The Town's Alternate Ending Offered A Fitting End For Ben Affleck's Doug

Ben Affleck has been having quite the career rejuvenation in front of the camera as of late, with admirable turns in acclaimed films like "The Last Duel," "The Way Back," and "The Tender Bar." But just because it's been a handful of years since he's stepped behind the camera, let us not forget that Affleck has established himself as quite the impressive director. His second feature effort was the 2010 heist flick "The Town," which also saw him playing the lead role of Doug MacRay, in addition to his duties as director and co-writer.

Time has been extremely kind to "The Town," and for my money, it ranks as one of the better heist movies of the last 20 years, maybe even an all time great. But the movie almost ended in a very different fashion, with Affleck's Doug nearly meeting an arguably more fitting fate than what ended up in the final cut.

No reward for the guilty

In the cut of "The Town" that made it to theaters, after the big heist at the end of the movie goes south and everyone else in Doug's crew is killed, he manages to get away with a big bag of cash. In getting ready to leave town, he makes a last-ditch effort to see if he can get away with Claire (Rebecca Hall). The idea that they could still run away together after everything that happened would be a delusional, happy ending. But Doug sees that the cops have already gotten to her and she very slyly tips Doug off on the phone. He makes his way out of town alone, but not before burying the cash in Claire's garden, figuring that she can do some good with it. We finish the film with a heartfelt letter from Doug as we see him living his life on peaceful banks by the water somewhere, a new man.

The alternate ending is far less forgiving to Doug and the wrongs he's committed while living a life of crime. Following the heist, bag of cash in hand and still in a cop uniform, Doug is confronted by Alex Colazzo just as he's getting to his getaway car. For those who may not remember, this is the guy he and James (Jeremy Renner) beat up in his apartment earlier in the movie as retribution for terrorizing Claire. Alex, it turns out, suffered longstanding injuries as a result of this confrontation between Doug and James. After a tense stand-off, Alex shoots Doug several times. Doug is left to die in the streets, not at the hands of the cops that were trying to prevent him from getting away, but from a minor character who Doug wronged earlier in the movie that the audience had likely forgotten about by now. But "The Town" always remembers.

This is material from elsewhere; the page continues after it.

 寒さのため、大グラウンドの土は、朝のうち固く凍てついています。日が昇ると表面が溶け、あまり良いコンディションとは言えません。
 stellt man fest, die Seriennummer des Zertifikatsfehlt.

Better than the original ending?

The idea of "better" is a very subjective thing when it comes to art, and movies are no exception. For me, as it relates to "The Town," a movie I very much love, I am of two minds about the whole thing. Divorced from the idea of movies overall, the alternate ending is absolutely a fitting end to Doug's journey. While he is the main character of this movie and, at times, a sympathetic character, he is not a good man. This is a criminal who has done lots of bad things that hurt people, both directly and indirectly. A life of crime, especially major ones, is bound to put one in the line of danger eventually. Ironically enough, James did time in prison for killing the man who was going to kill Doug years back. The second James is out of the picture, someone kills Doug. The alternate ending is sort of poetic in a messed up kind of way, when looking at it through that lens.

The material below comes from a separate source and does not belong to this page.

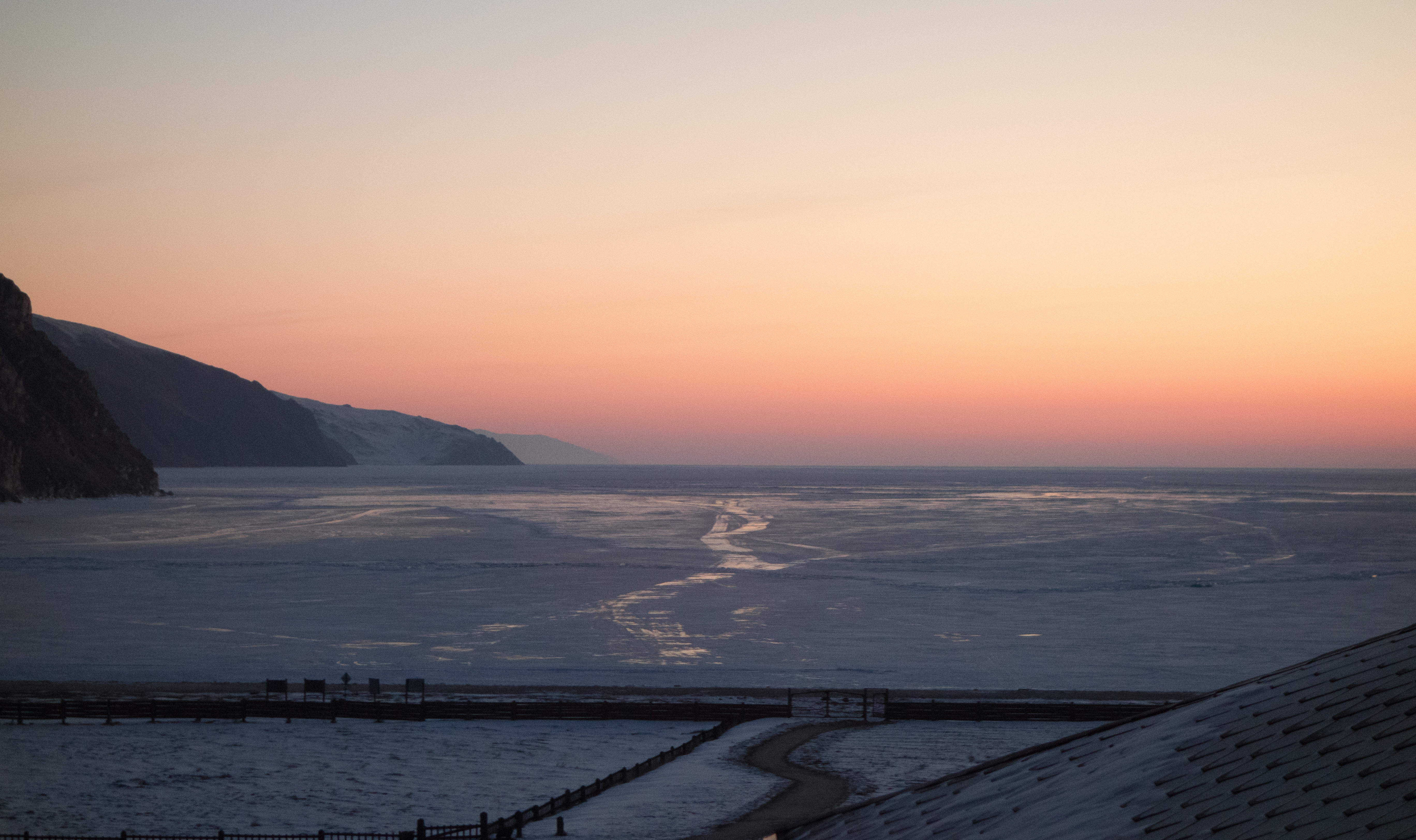 Утро 23 февраля. Бухта Ая, вид из окна нашего номера.

Yes, the alternate ending to Ben Affleck's sophomore directorial effort is far less "happy" but it seems to fit the world as we perceive it. Bad people get what they deserve. On the other hand, movies do not have to be a perfect representation of the world as it exists. What we experience through much of the film is that Doug is a man who mostly ended up in a life of crime as a victim of circumstance. His tragic upbringing, the son of a hardened criminal, almost being forced into it all by the powers that be even when he finds a compelling reason to get out of the life, all of that led Doug down this path. While Doug may be a criminal who has done some very bad things, he is not, altogether, a bad person. There is a good man inside of him somewhere.

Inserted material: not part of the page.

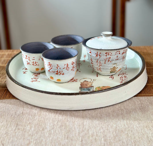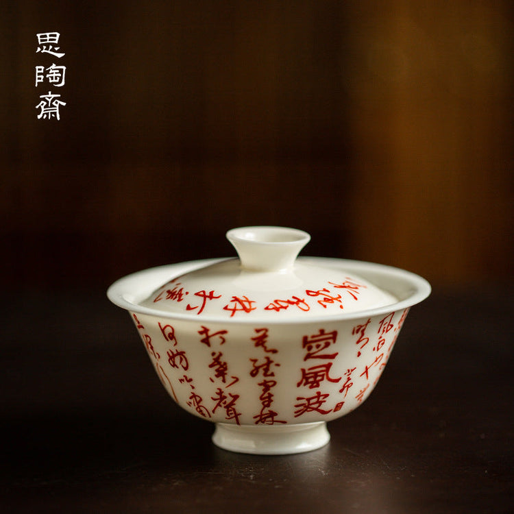 Handmade Gaiwan Artwork Zen Jingdezhen Style Chinese Hand Painted Chinese Calligraphy Pottery Gongfu Cha Teaware TeaSet
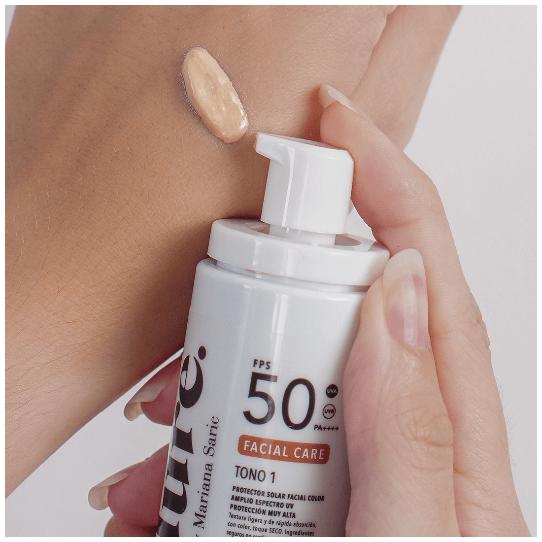 Formulado con ingredientes de alta calidad, este protector solar facial con color, se adapta al tono de piel, disimula imperfecciones y controla el brillo. Rápida absorción. Proporciona una defensa eficaz contra los rayos UVA y UVB, evitando el envejecimiento prematuro de la piel. Su textura ligera y de rápida absorción deja un acabado radiante, ideal para el uso diario.

The ending that we get offers a bit more of an optimistic view of life overall. People can change and even bad men can do things and, perhaps through a great deal of work and self-reflection, actually do some good in the world. Isn't that better than ending up dead in the street somewhere? Sure, the theatrical ending does put some rose-colored glasses on the whole thing but it is, in its own way, equally cinematic and perhaps more thematically resonant. Not that it matters all that much, but in my humble opinion I'm glad "The Town" ends the way that it ends, though the alternate ending isn't without merit.